Beaucoup de livres, d'essais et d'articles ont été écrits sur l'idée de participation dans le gaullisme des années 60. Mais de toute cette masse de textes, bien peu de choses sont passées dans l'esprit public, dans les mentalités. En France, une parcelle de l'intelligentsia fit preuve d'innovation dans le domaine des projets sociaux quand le monde industrialisé tout entier se contentait de reproduire les vieilles formules libérales ou keynésiennes. Mais l'opinion publique française n'a pas retenu leur message ou n'a pas voulu le faire fructifier.

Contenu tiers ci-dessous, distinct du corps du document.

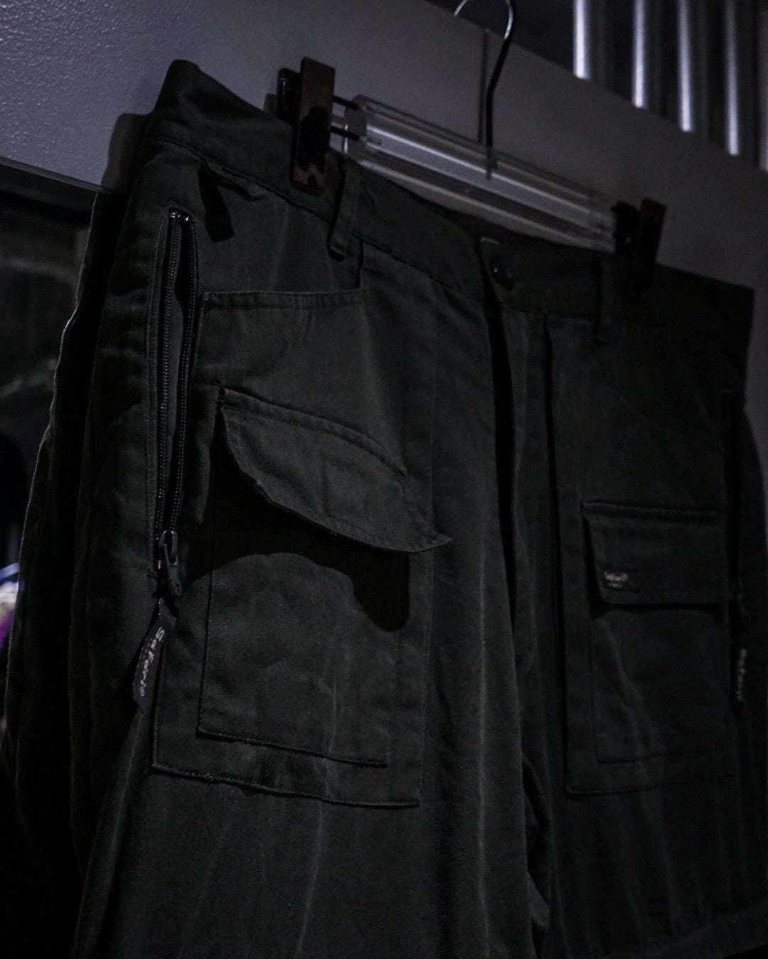 フロントには大小様々なデザインのポケットを配置。バックにもフラップポケットを備え、機能性とデザイン性を両立。ジップの無機質な表情やフラップの重なりが、ギア的な雰囲気を一層強調しています。
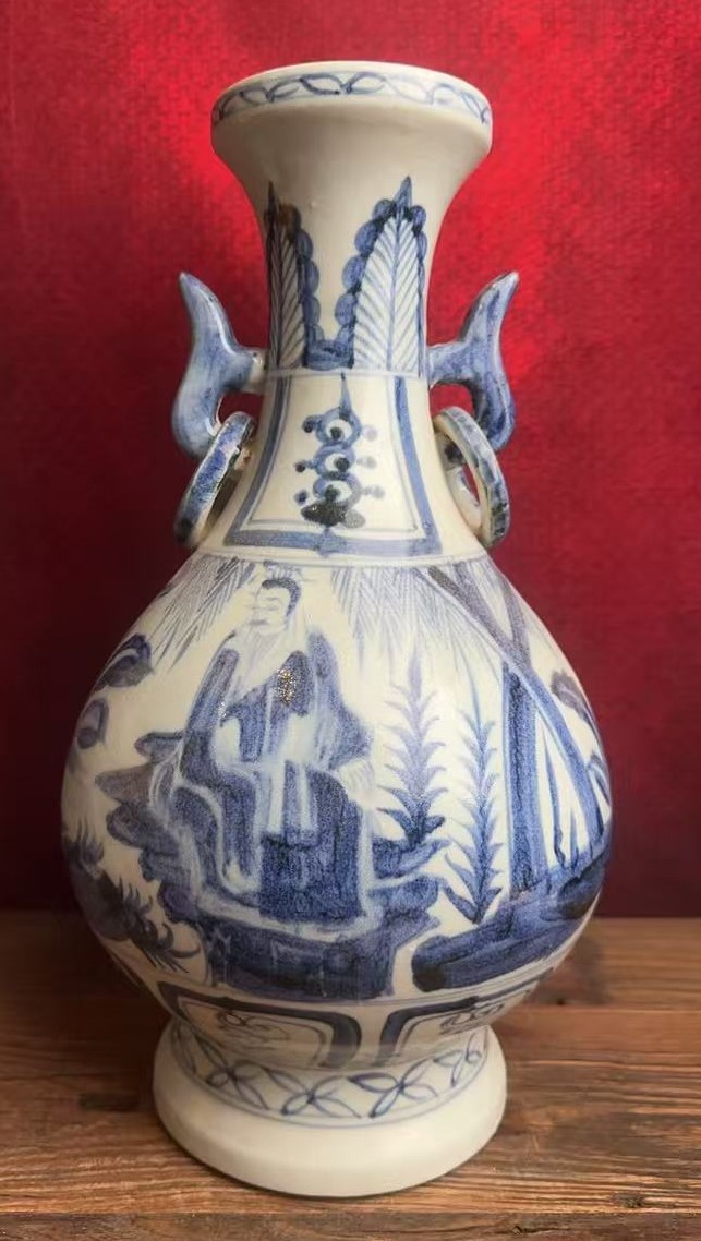 元青花人物故事纹双耳长颈瓶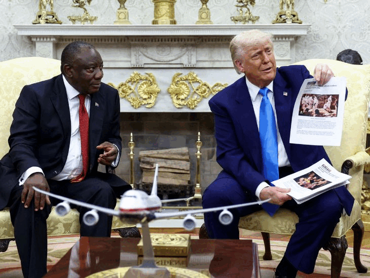 अमेरिकी राष्ट्रपति डोनाल्ड ट्रम्प और साउथ अफ्रीका के राष्ट्रपति सिरिल रामफोसा के बीच बुधवार को व्हाइट हाउस में मीडिया के सामने तीखी बहस हुई। ट्रम्प ने आरोप लगाया कि साउथ अफ्रीका में गोरे किसानों का नरसंहार किया जा रहा है। ओवल ऑफिस में मीटिंग के दौरान ट्रम्प ने एक वीडियो को सबूत के तौर पर दिखाते हुए दावा किया कि साउथ अफ्रीका में गोरे लोगों को बड़े पैमाने पर टारगेट किया जा रहा है। इसके कारण किसान अमेरिका की ओर भाग रहे हैं। रामफोसा को इसके खिलाफ कदम उठाने चाहिए हालांकि, रामफोसा ने दावों का खंडन करते हुए कहा कि नरसंहार के आरोप झूठे हैं। उन्होंने अमेरिकी राष्ट्रपति से कहा- साउथ अफ्रीका में सभी जातियों के लोग हिंसक अपराध से पीड़ित हैं। इनमें अधिकांश अश्वेत हैं। वहां सिर्फ गोरे लोगों को नहीं सताया जा रहा है। रामफोसा ने ट्रम्प को कतर सरकार से गिफ्ट में मिले प्लेन पर तंज भी कसा। उन्होंने कहा- हमारी सरकार साउथ अफ्रीका में रंगभेद दूर करने की कोशिश कर रही है। हालांकि, मुझे दुख है कि मेरे पास आपको देने के लिए विमान नहीं है, जिस पर ट्रम्प ने कहा- काश आपके पास होता। ट्रम्प-रामफोसा में बहस कैसे शुरू हुई, सिलसिलेवार पढ़िए- 1. दोस्ताना माहौल में मीटिंग शुरू हुई- दोनों राष्ट्रपतियों के बीच दोस्ताना माहौल में मीटिंग शुरू हुई। दोनों ने गोल्फ के बारे में बात की। ट्रम्प ने अफ्रीका में लोगों के गोल्फ खेलने के टैलेंट की तारीफ की। साउथ अफ्रीकी राष्ट्रपति रामफोसा ने फिर ‘टी’ शब्द का जिक्र करते हुए दोनों देशों के बीच ट्रेड पर चर्चा करने की कोशिश की। उन्होंने एक मिनरल डील का भी जिक्र किया। 2. ट्रम्प ने अचानक कहा- लाइट बंद करो, वीडियो चलाओ- दोनों नेता के बीच ठीक से बातचीत चल चल रही थी। अचानक ट्रम्प ने अपने स्टाफ से वीडियो चलाने के लिए लाइट्स बंद करने को कहा। इससे रामफोसा चौंक गए। 3. रामफोसा सिर्फ दो-तीन बार वीडियो देखने के लिए मुड़े- जब वीडियो शुरू हुआ, तो रामफोसा ने ट्रम्प से इशारों में सवाल किया कि यह क्या है? हालांकि, ट्रम्प ने उन्हें इंतजार करने का इशारा किया। रामफोसा ने दो-तीन बार पीछे मुड़कर वीडियो देखा। ट्रम्प ने वीडियो को गोरे लोगों के नरसंहार का सबूत बताते हुए कहा कि इसमें हजारों गोरे किसानों की कब्र दिखाई गई हैं। 4. रामफोसा बोले- पता लगाएंगे वीडियो कहां का है- रामफोसा ने अपना संयम बनाए रखते हुए दावों से इनकार किया। उन्होंने कहा- मैंने पहले कभी यह वीडियो नहीं देखा है। हम पता लगाएंगे कि यह वीडियो कहां है। इसकी प्रामाणिकता की गहराई से जांच करेंगे। रामफोसा ने कहा, “हमारे देश में अपराध है, और इससे सभी प्रभावित हैं- चाहे वो काला हो या गोरा” 5. ट्रम्प नहीं रुके, न्यूज आर्टिकल्स दिखाकर हत्या-हत्या कहने लगे- रा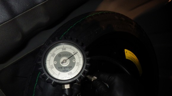 タイヤの空気圧調整です。これはスペアタイヤです。適性値に調整しています。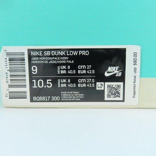 NIKE/ナイキ SB DUNK LOW PRO JADE HORIZON GREEN/ダンクロー ホライズングリーン BQ6817-300/27 /080 | |||||||||||||||||||||||||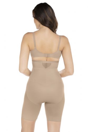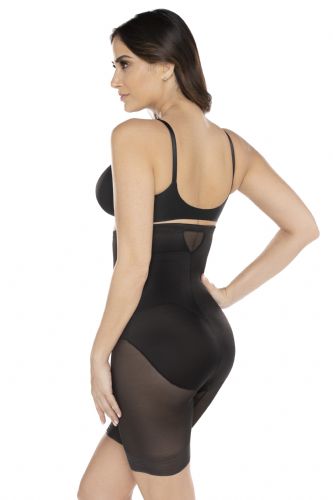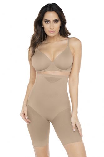 This hi-waist thigh slimmer sexy, sheer panelling which allows the garment to adjust to your body and create a perfect fit. The double panels provide extra firm control and shaping, but maintain a smooth look under your clothes. Choose it to shape your midriff, and slim your tummy, hips, & thighs.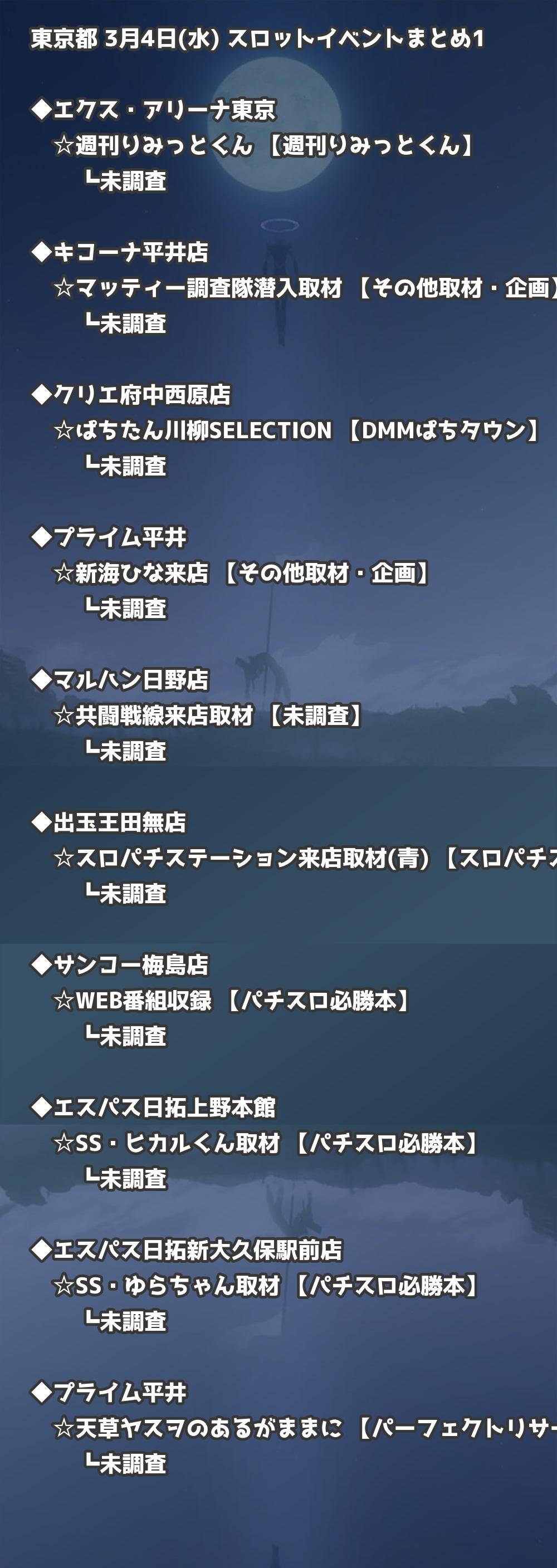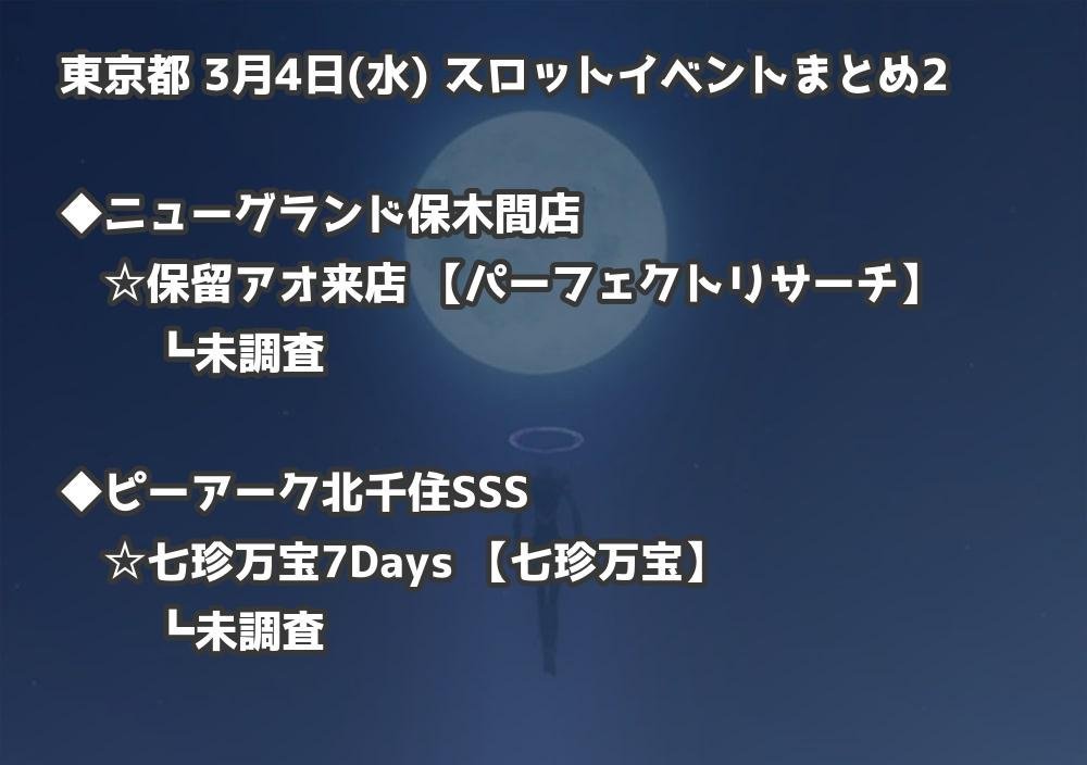 【東京都】3月4日(水) パチンコホールイベント取材まとめ記事です。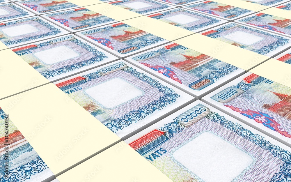 Myanmar kyat bills stacked background. Computer generated 3D photo rendering.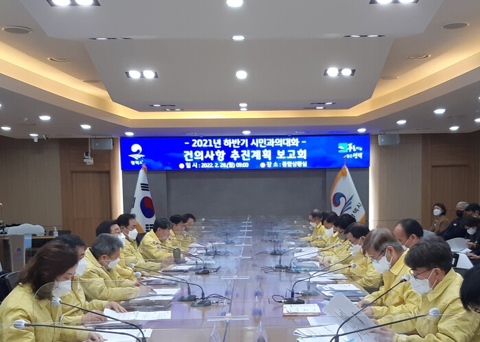 이번 보고회는 25개 읍면동에서 온라인방식으로 진행된 ‘21년 하반기 시민과의 대화’(2021.11.4.~12.30.)에서 건의된 사항에 대해 각 부서별 추진상황을 점검하고 향후계획 등을 논의하기 위해 마련됐다.

On ne parle plus, dans les salons parisiens, de la participation suggérée par De Gaulle, ni de l'idée séduisante d'"intéressement" des travailleurs aux bénéfices des entreprises, ni des projets "pancapitalistes" d'un Marcel Loichot ou d'un René Capitant. Lors des commémorations à l'occasion du centième anniversaire de la naissance de Charles De Gaulle, ces projets, pourtant très intéressants et, aujourd'hui encore, riches de possibles multiples, n'ont guère été évoqués. Couve de Murville, sur le petit écran, a simplement rappelé la diplomatie de "troisième voie" amorcée par De Gaulle en Amérique latine, au Québec et à Phnom Penh (1966). Si la "troisième voie" en politique extérieure suscite encore de l'intérêt, en revanche, la "troisième voie" envisagée pour la politique intérieure est bel et bien oubliée.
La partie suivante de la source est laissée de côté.